21:32Do you have anything you want to add?
21:37Sure.
21:38I mean, I do feel that it's put a beautiful, unique umbrella
21:47over this period of time so far
21:49that we've been working on it.
21:50Like every day does feel a little different
21:53and I don't say that just to give you a good answer.
21:55I really do feel that way and I've thought about it.
21:58Like there's something, I'm just in a better mood
22:03and part of it is getting to play this role, I think
22:09and having that relationship to those 27 other people
22:13and then to the 1100 in the audience.
22:16It sort of forces, in a good way, a patience upon you
22:22and I feel like that's trickling over.
22:25I feel both more patient and because of that,
22:28I feel more energetic in a weird way.
22:30I can't believe how energized I feel
22:32for every one of our shows.
22:33Even right before it, I'm tired.
22:35By the end, I'm just like buzzing
22:36like I sucked on caffeine through the whole thing
22:38and I didn't.
22:40It's really great.
22:42So I understand the cast took a little field trip
22:45to New Hampshire where they're playing.
22:47What a nightmare.
22:50Five hours in a bus.
22:5210 hours.
22:5310 total.
22:54Oh my God, for those of you who got car sick.
22:58What did you all gain from that experience?
23:01Nausea.
23:03I do think it humbled us.
23:04That was the first day.
23:06We had never met.
23:07It was the first rehearsal.
23:08We meet in front of the theater and they throw us on a bus
23:11and we go to New Hampshire, Petersburg,
23:13which Grover's Corner is modeled after.
23:15And by the end of the night, everybody was just like,
23:19I'm sure I'm gonna love you people,
23:22but I gotta get out of here.
23:24But it does something.
23:26It strips you.
23:27You're very right.
23:28We've talked a lot about it.
23:29Like a week or two in, we were all looking around going,
23:31that first trip kind of broke us in a good way.
23:34And we were like, well, hell, let's just rehearse.
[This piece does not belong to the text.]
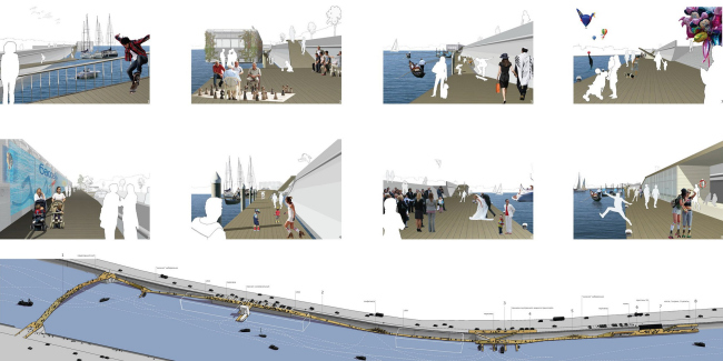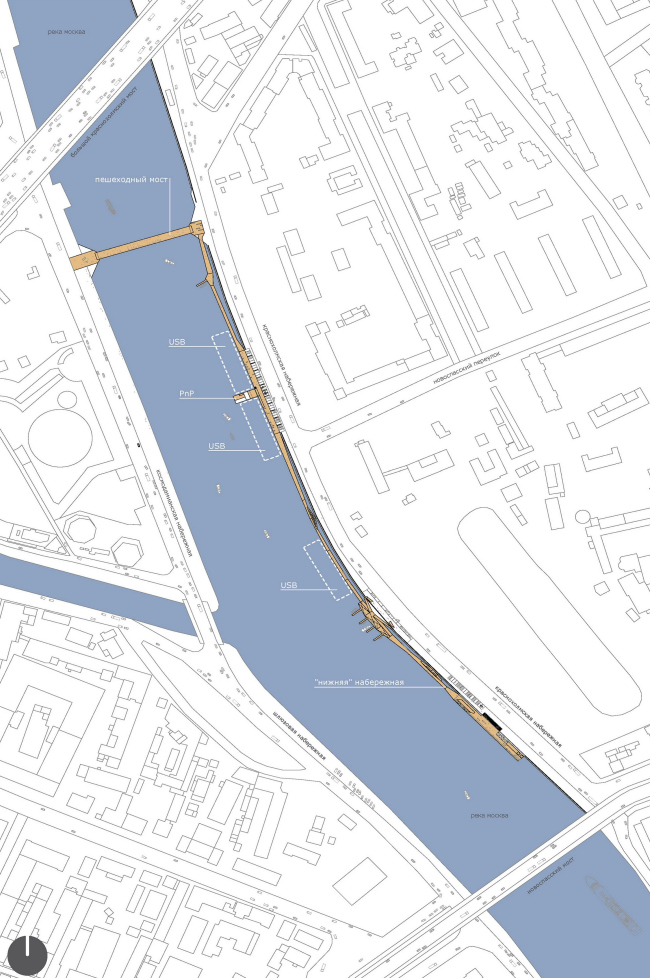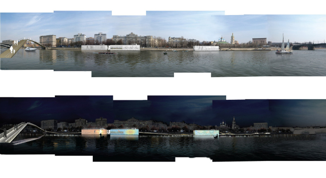 Средством для такой «привязки» стала деревянная пешеходная набережная, которую авторы проложили ниже существующей каменной. Нитка деревянного помоста связала вместе три модульных «баржи», существующую неподалеку от Новоспасского пруда пристань и упомянутый мост, который в проекте СКиП существует в том же легком исполнении, что и пешеходная набережная.

23:36You know what I'm saying?
23:40But the town's adorable.
23:41They're very sweet people.
23:42We're so glad we went.
23:49Aside from actually performing,
23:51what is everyone's favorite part of being on Broadway?
23:56Doing press.
23:56No, I'm kidding.
24:01What is it?
24:02What's your favorite part?
24:04Oh, man.
24:06I don't know.
24:07I say there definitely is a community on Broadway.
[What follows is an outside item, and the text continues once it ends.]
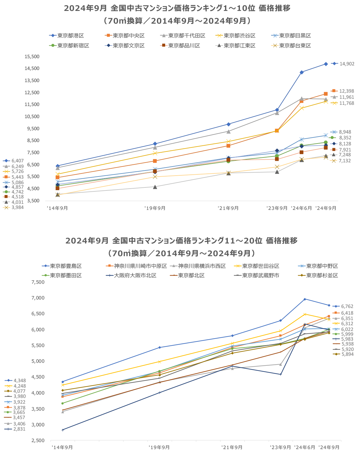 「不動産×WEB×ビッグデータ」の領域で、さまざまな不動産テックサービスを展開する株式会社ワンノブア カインド(本社:東京都港区、代表取締役社長:川島 直也、以下当社)は、当社が運営するマンション情報サイト 「マンションレビュー」の保有データを元に、2024年9月の全国市区町村における中古マンションの相場を 調査。坪単価をベースに70m²の価格に換算した「中古マンション価格」*1 と価格ランキング上位20件について 過去10年間の価格推移、および1年前からの価格上昇率を表す「騰落率」のランキングを発表いたします。
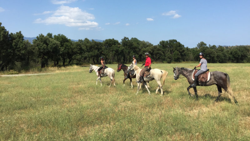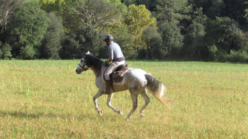 Efter frukost och sadling av hästarna lämnar ni på stigar genom Medelhavskogen. Fjällbäckarna kantar vägen och det är en vacker utsikt över bergsängar. Ni når floden Fluvià, nära byn Báscara med sin berömda hippodrom. Sedan fortsätter ni mellan olivlundar och spannmålsfält. Ni passerar bondgårdar och kyrkor, och slutligen ytterligare en galopp på breda vägar genom ek- och korkekskogen, som tar er till Galliners, där ni stannar för picknick, innan ni rider ni tillbaka till gården via byn Vilamarí.

24:11There's like-minded people and beautiful artists
24:14and some of the most extraordinarily beautiful humans,
24:17not just performing, but who they are in this community.
24:20So getting to share a space and time
24:25at the same time as these people,
24:26meet them and not the people that I'm working with,
24:29of course, but the Broadway community,
24:32we hold each other down.
24:33We hold each other up.
24:34And it's real.
24:35We show up for each other.
24:36We advocate for one another.
24:37And it's just something that's very powerful
24:40to be a part of.
24:41There aren't many, if any, other ways of participating
24:45in this kind of art or creativity
24:47where you generally understand and know every schedule
24:52that everybody else is on at the same time.
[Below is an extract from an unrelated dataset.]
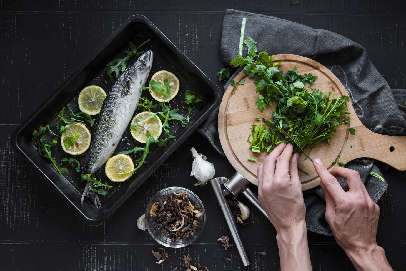 Чеснок и лук. Эти ароматные ингредиенты не только придают вкус, но и создают барьер для запаха рыбы.

24:54You shoot things on camera.
24:55Somebody could be done in two hours.
24:57Somebody could take three months to get their stuff done.
24:59We all know we all slug through eight shows a week
25:01and go out there and have live audiences
25:04that change things every night.
25:06And it's just beautifully unique.
25:11And I've never been in such a large cast.
25:14I'm not a musical theater person.
25:16But the idea of you just have all of these people breathing,
25:20I know this sounds ridiculous,
25:22but it's just like, and all of their energy
25:24is going towards you to tell the story.
25:27Do you know what I mean?
25:27And they just keep passing the energy around the stage.
25:30It is really profound.
25:32You're like, I might have to learn how to sing.
25:34I might have to do something
25:38so I can be around all these folks.
25:39But everything's getting smaller and smaller and smaller
25:43because of economics.
25:44And just the idea that we have all of this beauty
25:47and humanity and diversity on stage,
25:50it makes me feel very hopeful, very, very hopeful.
25:54Well, thank you guys so much for being here.